BULUKUMBA — Ratusan pelajar SMPN 1 Bulukumba tak hanya belajar teori di kelas. Mereka langsung praktik menjadi jurnalis cilik. Selama tiga hari, 19 hingga 21 Mei 2026, peserta mempelajari dasar jurnalistik, teknik wawancara, hingga tata kelola media sosial di ruang pola kantor bupati.
Kepala Dinas Kominfo Bulukumba, Andi Uke Indah Permatasari, membuka kegiatan bertema "Membangun Generasi Literat, Kreatif dan Informatif Melalui Pelatihan Jurnalistik dalam Mendukung Gerakan Literasi Sekolah". Dalam sambutannya, ia menekankan pentingnya edukasi literasi digital sejak dini.

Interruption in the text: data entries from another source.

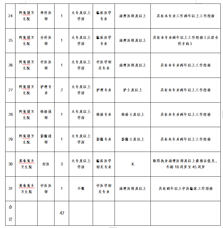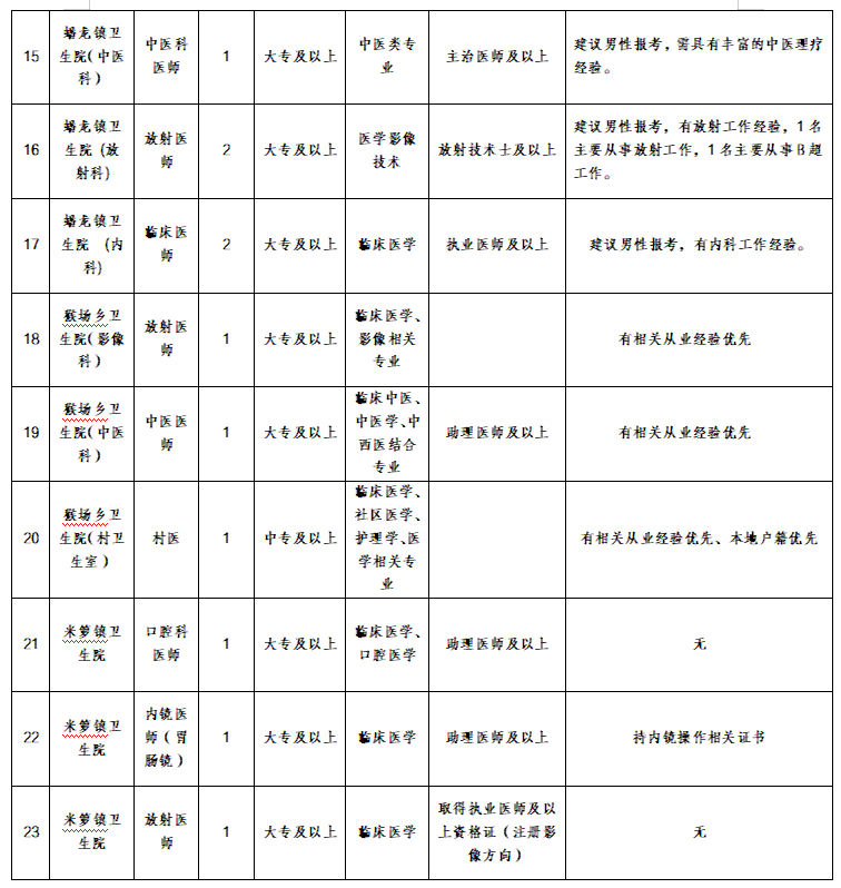 (2)卫生院招聘人员年龄以《岗位一览表》其他条件要求为准。
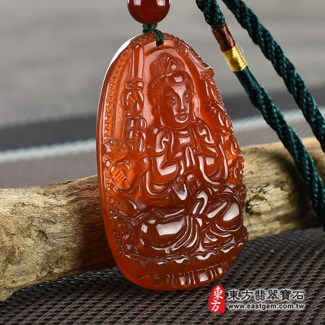 商品名稱:紅瑪瑙千手觀音項鍊玉珮(千手觀音:千手觀音牌瑪瑙千手觀音玉珮、玉髓千手觀音玉墜)。紅色瑪瑙玉髓千手觀音,LH048。客製化訂做各種瑪瑙玉髓千手觀音吊墜玉珮項鍊。★附東方翡翠寶石保證卡
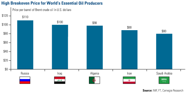 Preço a partir do qual os orçamentos dos países abaixo são positivos.
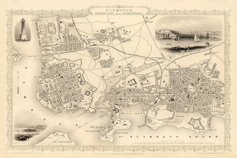 Old Monochrome Map of Plymouth in 1851 by Tallis, Rapkin: Stonehouse, Devonport
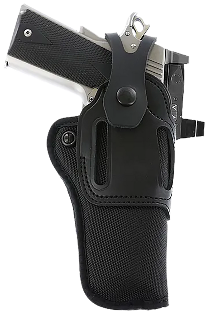 The Galco SA95RB is an ambidextrous crossdraw belt holster constructed from hybrid leather-synthetic material for durability and comfort. Designed for strongside carry, this holster features a crossdraw configuration and measures 12.0" in length with a 2.7" height, fitting standard to full-size handguns. The hybrid material construction provides a balance of retention and ease of draw suitable for both civilian and professional use.
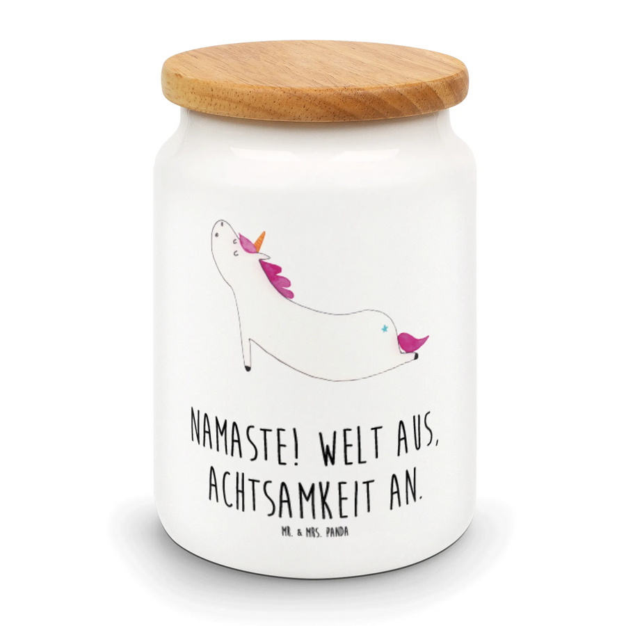 Du liebst Einhörner und die zauberhafte Welt, die sie umgibt? Dann ist die liebevoll bedruckte Vorratsdose 'Einhorn Yoga' von Mr. & Mrs. Panda genau das richtige Geschenk für dich oder deine Freunde!

"Kegiatan ini bagian dari upaya membangun generasi muda yang kreatif, cerdas digital, dan bijak dalam menggunakan media sosial," kata Andi Uke. "Anak-anak perlu diajarkan menyampaikan informasi secara baik dan benar sejak awal," tambahnya.
Peserta—perwakilan tiap kelas dan pengurus OSIS—mendapat materi dari tim Diskominfo. Mereka diajari teknik penulisan berita, cara menggali informasi melalui wawancara, serta strategi menyajikan konten edukatif di platform digital.

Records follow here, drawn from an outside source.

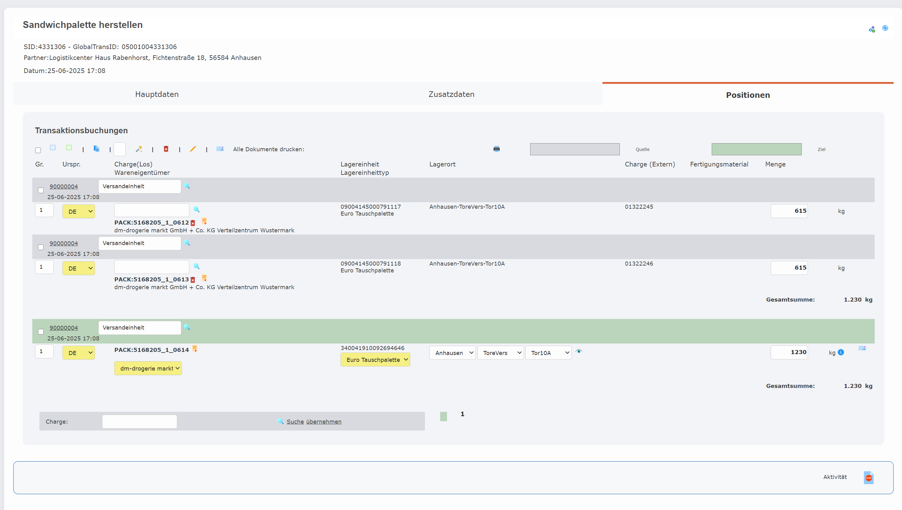 Wird die Sandwichpalettenbildung abgeschlossen, wird eine neue Position inkl. Lagerort automatisch generiert und es ist keine erneute Aktivität mehr möglich.
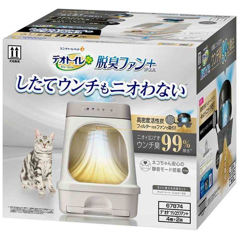 ※1 愛猫1頭(体重8kgまで)標準モード稼働時。普段の生活での消費者テストにて「ウンチの消臭効果があること」と回答した消費者89.5%。ユニ・チャーム調べ。
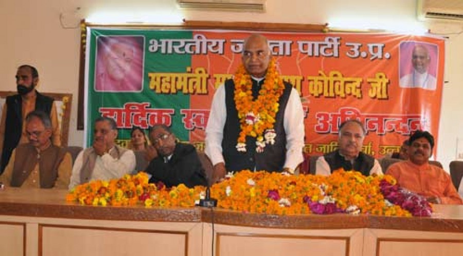 लखनऊ। भारतीय जनता पार्टी अनुसूचित मोर्चा के कार्यकर्ताओं ने प्रदेश महामंत्री रामनाथ कोविद का मंगलवार को पार्टी कार्यालय में भव्य स्वागत किया। कोविद का स्वागत करते हुए अनुसूचित मोर्चे के राष्ट्रीय महामंत्री दिवाकर सेठ ने कहा कि एक कुशल संगठनकर्ता के रूप में रामनाथ कोविद ने पार्टी को मजबूत करने का काम किया है। कोविद के प्रदेश महामंत्री बनने से उत्तर प्रदेश में पार्टी और अधिक मजबूती के साथ लोकसभा चुनावों में उतरेगी विशेषकर अनुसूचित वर्ग के लोगों में पार्टी का जनाधार बढ़ाने में उनकी महत्वपूर्ण भूमिका होगी। इस अवसर पर प्रदेश उपाध्यक्ष आशुतोष टंडन (गोपाल जी), राजकिशोर वर्मा, सरदार सिंह सुधा, जितेंद्र सोनकर, महेश दीवान दुर्गेश बाल्मीकि, गंगाराम भारती इत्यादि कार्यकर्ता उपस्थित थे।
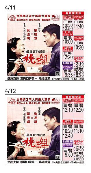 《桃姐》台北區0411-0412上映時刻表,其他地區請上Yahoo、MSN娛樂或各大影城查詢。 場次若有調整,以戲院公告為主喔!
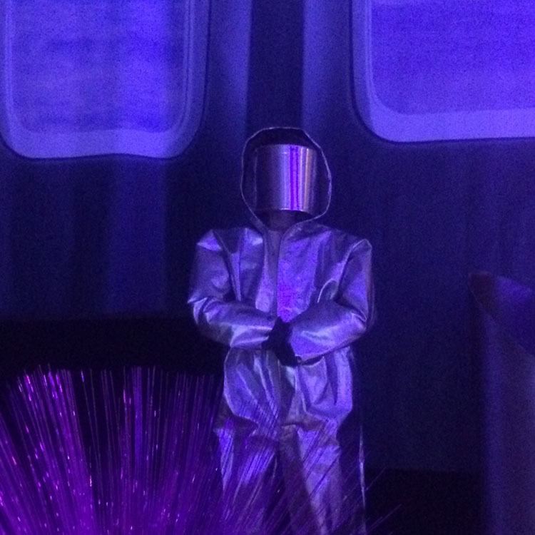 En del af atmosfæren blev skabt gennem en video, som vi klippede sammen af afsendelsen af en rumfærge. I loftet hang store oppustelige stjerner. UFO’er med programmeret lys var ligeledes en del af dekorationen.
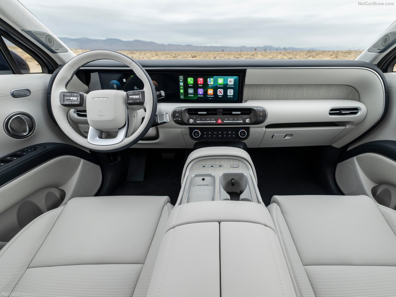 신형 펠리세이드는 전면 파노라마 디스플레이를 도입하며, 운전자 중심의 UX(사용자 경험)를 강화했습니다. 계기판과 인포테인먼트 디스플레이는 각각 12.3인치로 구성되며, 센터페시아의 물리 버튼은 최소화하고 터치 조작과 햅틱 피드백 기반으로 진화했습니다. 고급 트림에서는 프리미엄 가죽, 나파 가죽 시트, 우드 및 메탈릭 트림 등 고급 소재가 사용됩니다.
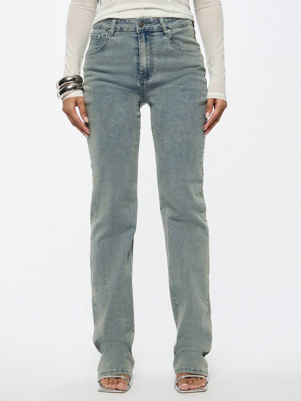 SUMWON WOMEN High Rise Stacked Straight Leg Jeans Classic Y2K Style Spring Summer Light Wash Denim Pants Versatile Casual Everyday Bottoms
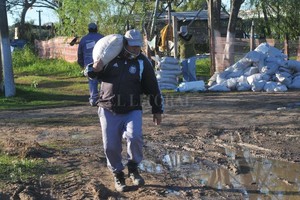 Tiraban bolsas de arena y tierra en el camino de acceso al Club de Caza y Pesca en Colastiné Sur.
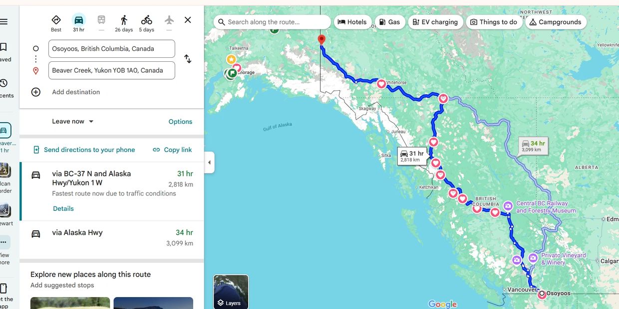 The ride north took me through Fraser Canyon. One word: AMAZING. I’ve ridden in multiple countries, and this stretch easily ranks in my top three roads—worldwide. Every corner opened up into another cathedral of stone and sky. Plenty of semi-trucks kept the pace moderate, but that just gave me more time to soak it in. The road was in excellent condition all the way through 100 Mile House.
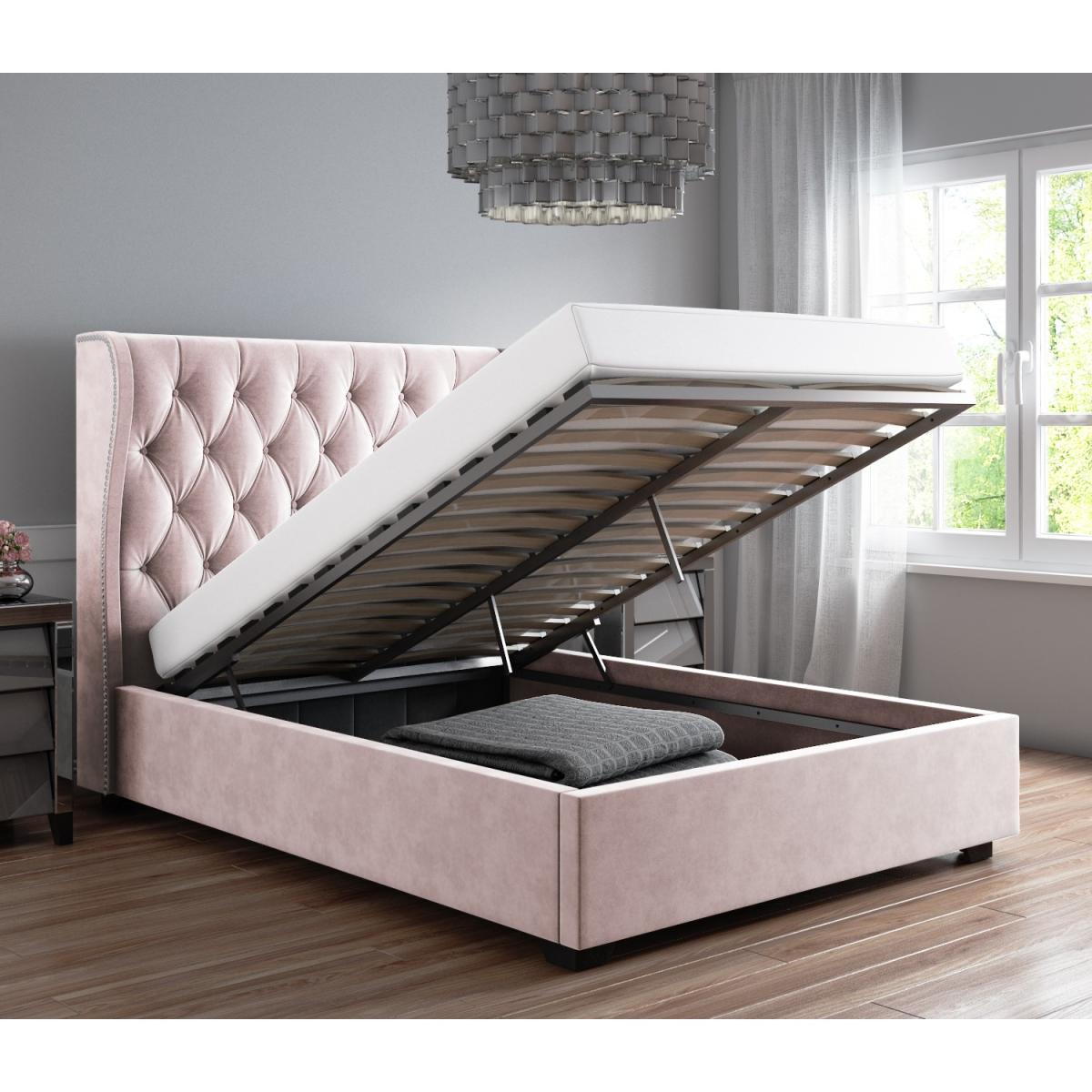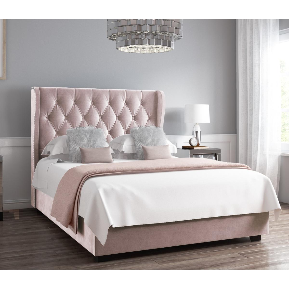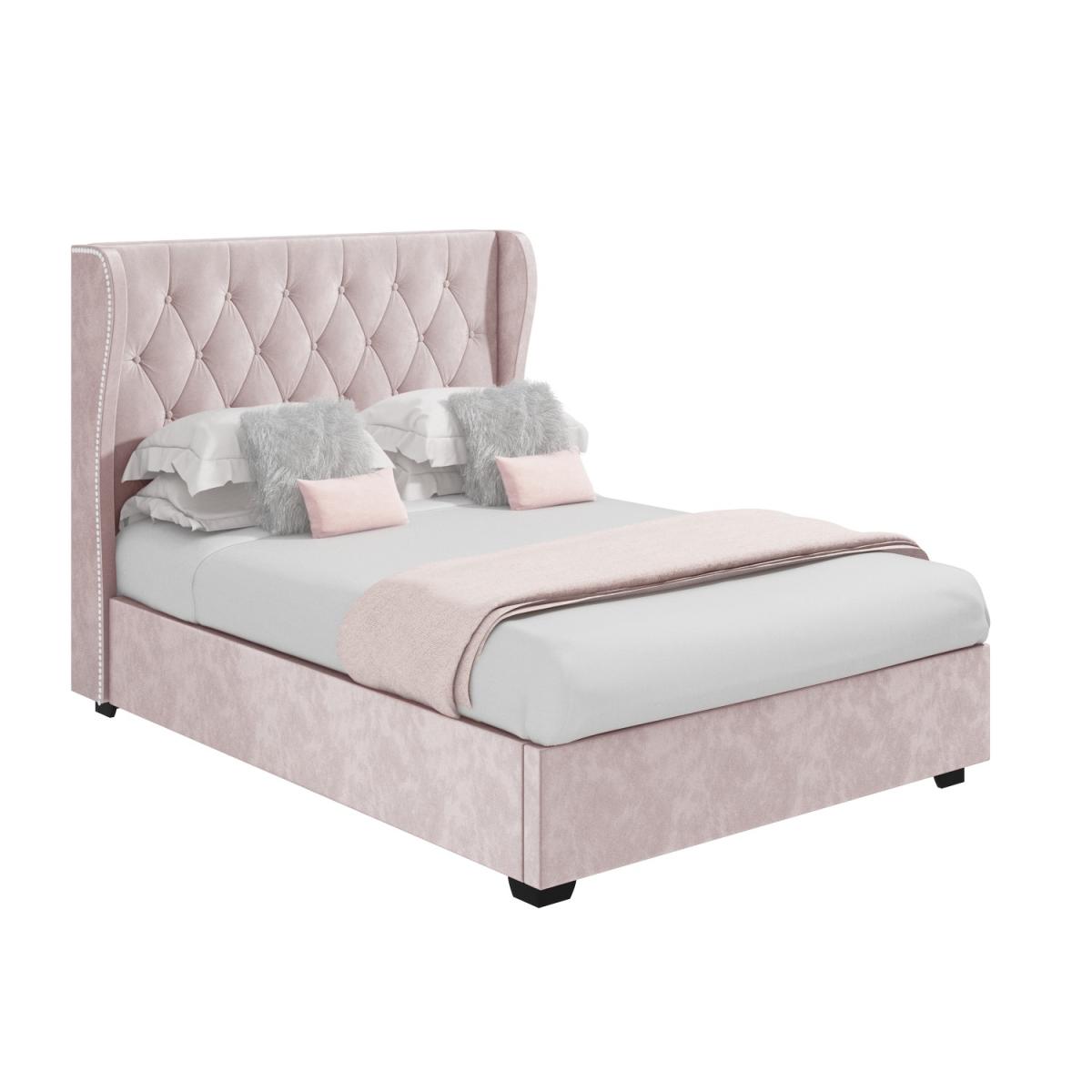 Functionality with uncompromised design, this Safina bed is sure to make a stunning impression in the bedroom. Whether you're lucky enough to have a spacious boudoir or put up with a pokey one, everyone can benefit from the wealth of storage space this ottoman bed brings to the bedroom. Get clutter free and discreetly store away absolutely anything from spare towels and bedding to an unsightly suitcase. Accessing your stored items is effortless as this front opening storage space has a gas lift mechanism for all the heavy lifting. When it comes to style this storage bed has it going on. Not only does it give the bed a luxurious look it also adds comfort, it's great for propping yourself up in bed and relaxing in front of the TV or getting cosy with a good book. The tall headboard features double stud detailing down the sides for an added touch of glamour. This bed is beautiful inside and out, with its quality build. It's been made with a durable wooden frame, padded and then upholstered with pink velvet. It has a wooden slat, sprung frame for great mattress support and central bar legs for added support and durability. Unlike some other ottomans, this Safina bed features a solid base that allows you to store more without damaging your flooring or carpet. It's more hardwearing than fabric based beds too, so you can enjoy added peace of mind that it will last you for years to come.

Andi Uke mengakui anggaran daerah terbatas. Namun, pihaknya tetap berkolaborasi dengan sekolah untuk merealisasikan pelatihan ini. "Di tengah keterbatasan, kami masih bisa bekerja sama dengan sekolah untuk melaksanakan program kegiatan pelatihan," ujarnya.

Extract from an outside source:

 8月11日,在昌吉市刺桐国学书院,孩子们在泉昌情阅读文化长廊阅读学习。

Kepala SMPN 1 Bulukumba, Ansar Langnge, mengapresiasi dukungan Pemkab Bulukumba. Ia berharap ilmu yang diperoleh siswa berdampak positif bagi sekolah dan publik. "Peserta didik yang ikut pelatihan jurnalistik ini adalah yang terpilih di masing-masing kelas, terutama pengurus OSIS. Semoga ke depan mereka bisa menyampaikan informasi dengan baik ke publik," jelas Ansar.
Salah satu target utama pelatihan ini adalah terbentuknya majalah sekolah. Ansar menambahkan, wadah itu akan menjadi ajang pengembangan bakat dan minat siswa di bidang penulisan karya jurnalistik. "Ke depan majalah sekolah dibentuk sebagai wadah pengembangan bakat dan minat di bidang penulisan karya jurnalistik," katanya.
Selain itu, siswa diharapkan mampu mengelola akun media sosial SMPN 1 Bulukumba dengan lebih baik. Konten yang disajikan harus lebih informatif dan edukatif, bukan sekadar dokumentasi kegiatan.
Pelatihan di luar sekolah ini tidak mengganggu program Makanan Bergizi Gratis (MBG) yang diterima siswa. Penyelenggara memastikan jatah MBG seluruh peserta tetap dibawakan ke Ruang Pola Kantor Bupati. Dengan demikian, siswa tidak perlu kembali ke sekolah hanya untuk makan siang.
Seremoni pembukaan turut dihadiri Kabid Humas Diskominfo Bulukumba, Andi Ayatullah Ahmad. Ia bertindak sebagai fasilitator dan narasumber bersama timnya.